Abstract

Prosopagnosia is a condition during which a face is recognized as such, but not as the face of a person familiar to the observer (1). Patients suffering from this condition recognize their fellow humans by means of their voice, movements, clothing, and so called paraphernalia (glasses, beard, earrings, etc.). Most likely, a dysfunction or lesion of the right fusiform/lingual gyrus is sufficient to cause prosopagnosia, at least transiently. The most common cause is ischaemic, but other causes for disturbed function in the respective region, e.g. tumours, trauma, intoxication, have been reported (2).
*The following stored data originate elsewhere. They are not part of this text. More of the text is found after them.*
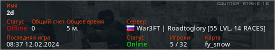 Играет на Counter Strike 1.6 сервере. Страна: РоссияПервый раз замечен 08:28 12.02.2024
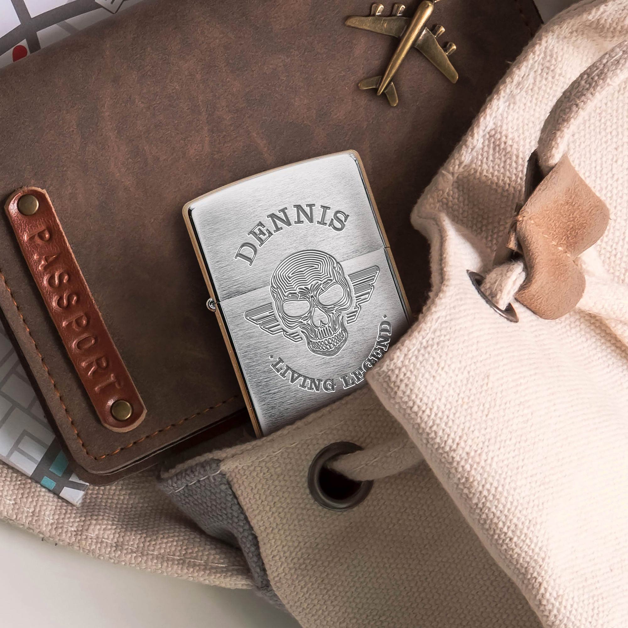 Entdecke mit dem personalisierten Sturmfeuerzeug die ausgezeichnete Qualität. Auf dem Zigarrenfeuerzeug wird ein Totenkopf Motiv mit "Living Legend" Schriftzug und ein individueller Name verewigt.
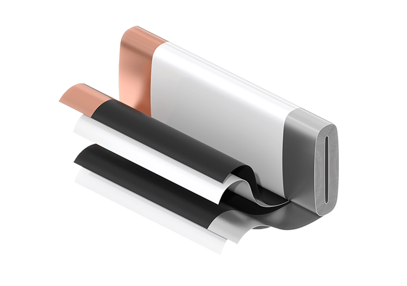 正極シートと負極シートの間にセパレーターを挟み、電極シートを巻回または積層します。
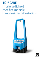 TOI® CARE - de hygiënische allrounder. Bent u op zoek naar een praktische, flexibele oplossing voor de verhoogde hygiëne-eisen die gelden op bouwplaatsen en op vele andere plaatsen? Met TOI® CARE heeft u een veilige oplossing. De mobiele handdesinfectieautomaat wordt bediend met de voetpomp, dus geen contact met de handen. Met zijn compacte afmetingen en robuuste ontwerp is hij gemakkelijk te vervoeren en maakt hij een snelle en veilige handdesinfectie mogelijk - altijd precies daar waar het nodig is.
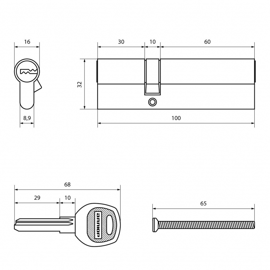Механизм цилиндровый для врезных замков китайских металлических дверей с возможностью перекодировки. Европрофиль. Перфо-ключ.
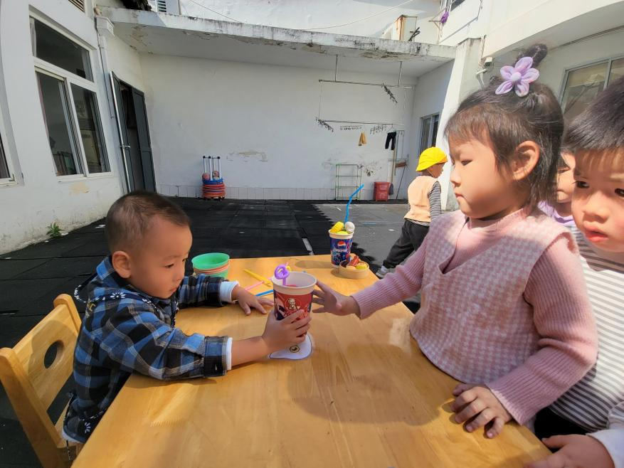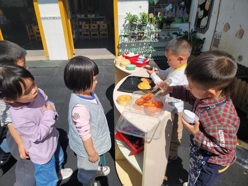 近日,苏州市曹家巷幼儿园小一班的孩子们在活动开始后就来到操场,带着兴奋与欢愉,开心、快乐地进行游戏。瞧,他们有的在小吃店里扮演老板,正在给客人准备食物;有的扮演客人,排着队等待买东西;还有的在水果店里当店员,为买水果的客人提供鲜榨果汁……在这种和谐的气氛中,幼儿自地地、愉快地玩自己感兴趣的游戏,同时,他们的创造能力和解决问题的能力也得到了发展。
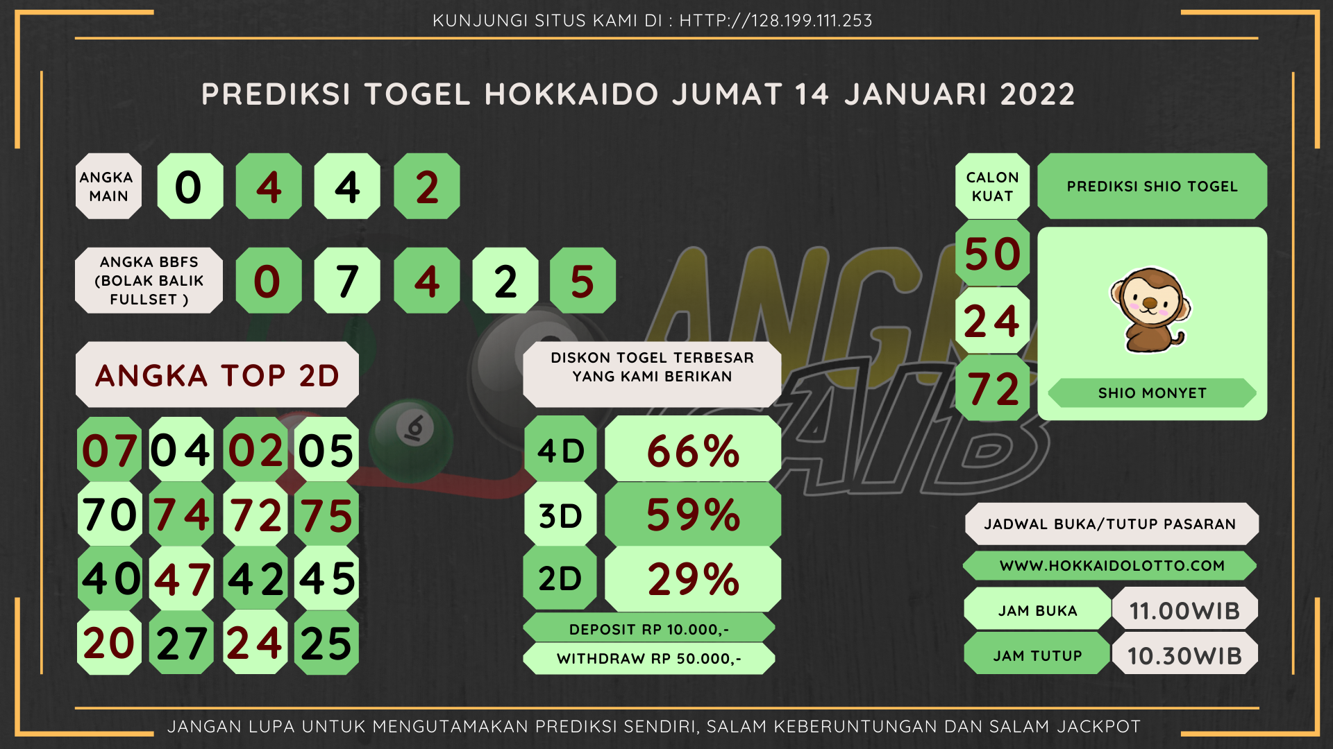 ANGKA JADI – Selamat datang kembali di situs prediksi Hokkaido. Kami kembali hadir untuk memberikan prediksi pasaran Hokkaido yang tentunya menjadi salah satu pasaran paling populer yang sangat sayang untuk anda lewatkan pastinya. Pasaran Hokkaido sendiri sudah cukup punya nama bagi kalangan pecinta togel online. Disini kami akan memberikan prediksi yang bisa anda gunakan untuk melakukan bettingan di situs togel online. Untuk result pasaran togel Hokkaido resmi bisa anda cek di situs : www.hokkaidolotto.com. Dan untuk livedraw nya bisa anda cek secara lengkap di situs yang sudah kami sediakan yaitu di situs : http://167.71.212.184/ . Untuk jadwal pasaran togel Hokkaido adalah sebagai berikut :
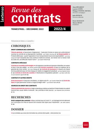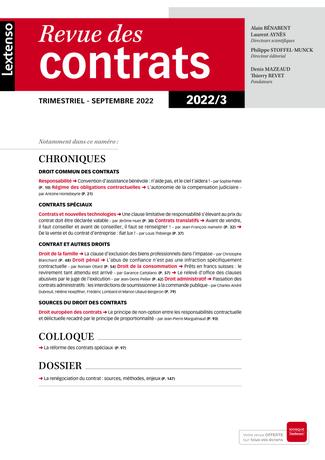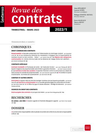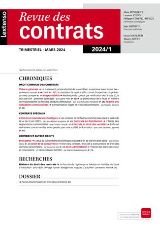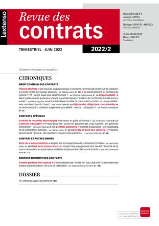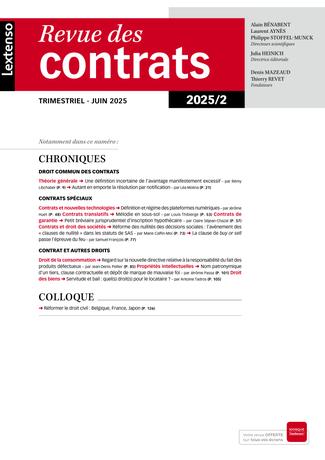 La Revue des contrats est aujourd’hui si bien installée dans le paysage juridique et éditorial français que l’on oublierait presque qu’il s’agit d’une publication relativement jeune, du moins si on la...

Here we report the first patient with stereotyped prosopagnostic aura.
Case report
A 58-year-old left-handed man, a tax consultant in his own small firm, was treated in our tertiary care headache centre at Zurich University Hospital. He had suffered from migraine without aura since the age of 20, with an attack frequency of about one per month, with several attack-free periods of a few years. He reported a transient increase in attack frequency around the age of 25, because of which he was put on prophylactic treatment for a few months (no further details remembered). Since the age of 52, all of his migraine attacks had become associated with stereotyped auras, starting with a propagation of ‘coloured rings’, extending from bottom to top in both visual fields, leading after about 10 min to a concentric restriction of the visual fields, sparing more than 45° of central vision. He was unable to specify the colours, but stated that the phenomenon was certainly coloured rather than black and white, without any predominant colour.
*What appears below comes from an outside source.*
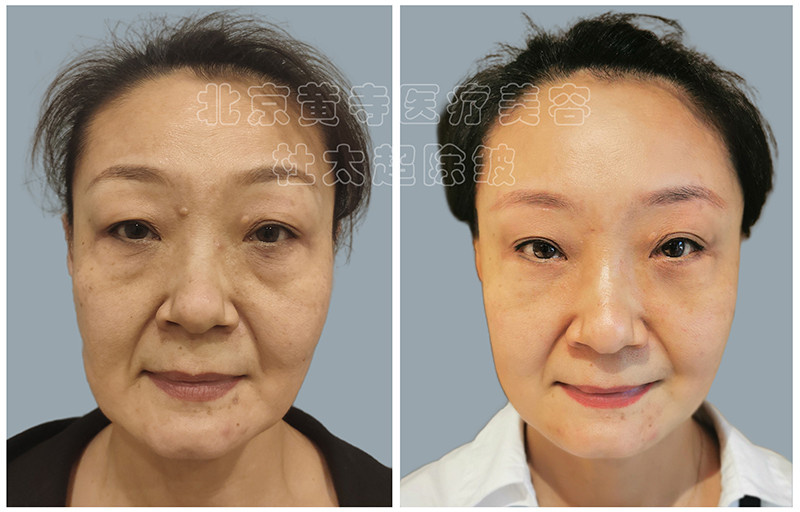 求美者52岁,小切口额部除皱,川字纹去除,中下面部提升,上睑松弛提升,眼袋去除,泪沟填充--经典案例
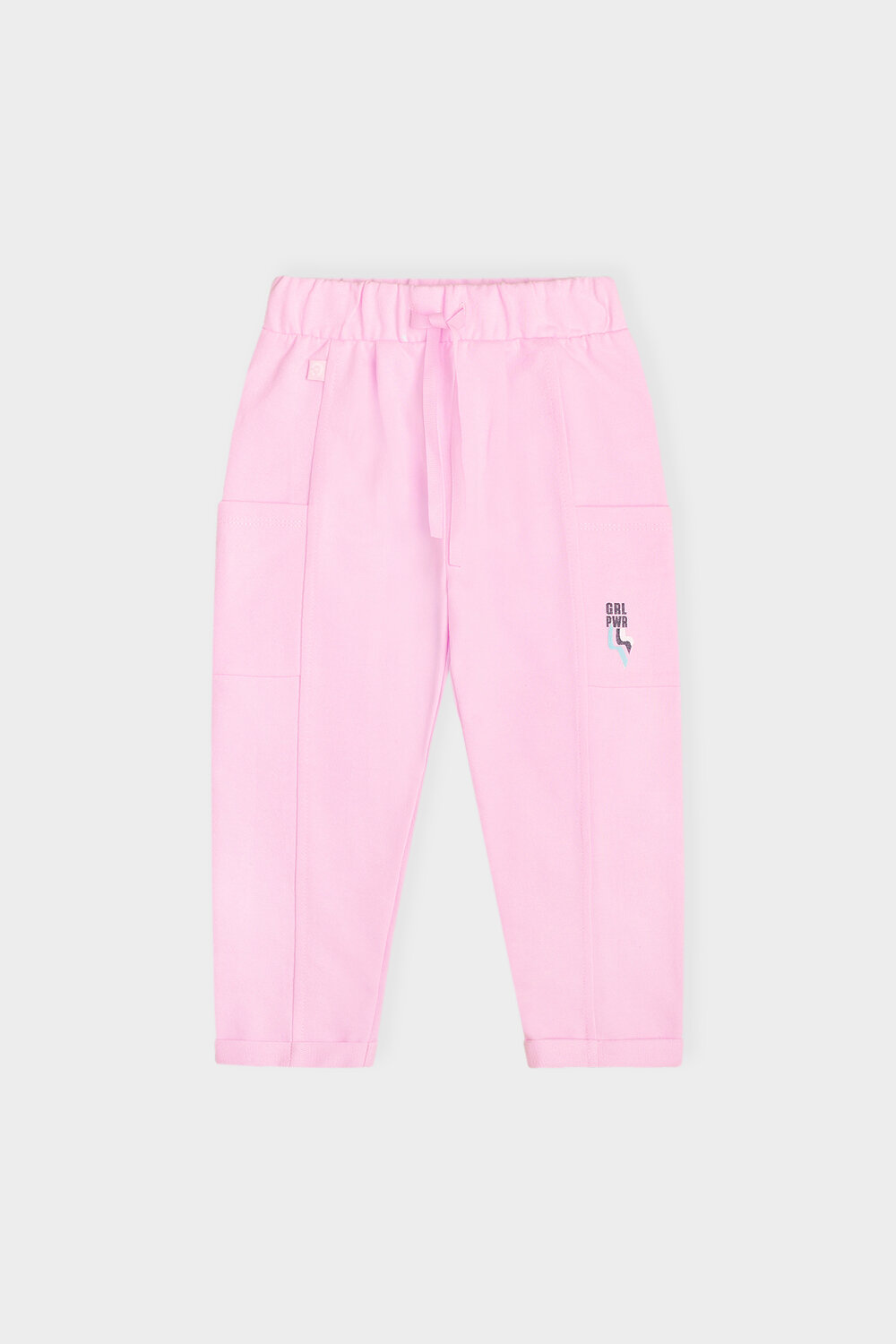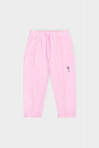Брюки для девочки из футера. В поясе эластичная резинка и лента. Боковые накладные карманы, на левом кармане принт. Отвороты по низу штанин.

At this stage the patient was unable to recognize faces of familiar persons, although he could see them as a whole, and described them as ‘whitish disks’ or ‘eggheads’. To recognize a familiar person he would have to use their voices, movements and clothing. If he was concentrating on a certain part of the face for a while, he was able to recognize it clearly as such (e.g. the nose or the mouth). He could clearly see other parts of the body, the environment, and objects, in colour and had no problem in recognizing them. The prosopagnostic condition lasted an additional 10–15 min, and faded away over about 5 min while the visual field defect normalized. Mental status during such an episode could not be obtained, but in the interval there was no deficit in his status; this included strictly normal face recognition.
Without any interval, there followed strongly pulsating headache of moderate intensity, with a duration of about 12 h when untreated. Headache localization was unilateral in about 80%, and about equally often on each side. In the remaining cases headache was bilateral. It was aggravated by physical activity and accompanied by phono- and photophobia, but no nausea. His usual treatment consisted of analgesics (either 1000 mg of acetylsalicylic acid or a combination of 500 mg paracetamol, 50 mg caffeine and 4 mg chlorphenamine). He reported stress, particularly during work, and weather changes as typical triggers. Since the onset of migraine aura, migraine frequency was higher than before, with several attacks per month. In the 6 months before presentation, on a combination of a β-blocker (nadolol 30 mg/day) and a selective serotonin reuptake inhibitor (fluoxetine 20 mg/day) prescribed by the general practitioner, only three attacks had occurred. About 5 months before presentation to the headache clinic, the patient had suffered a single episode of a typical transient global amnesia, which was diagnosed during a brief hospitalization in our neurology department (normal medical and neurological examination, normal computed tomography).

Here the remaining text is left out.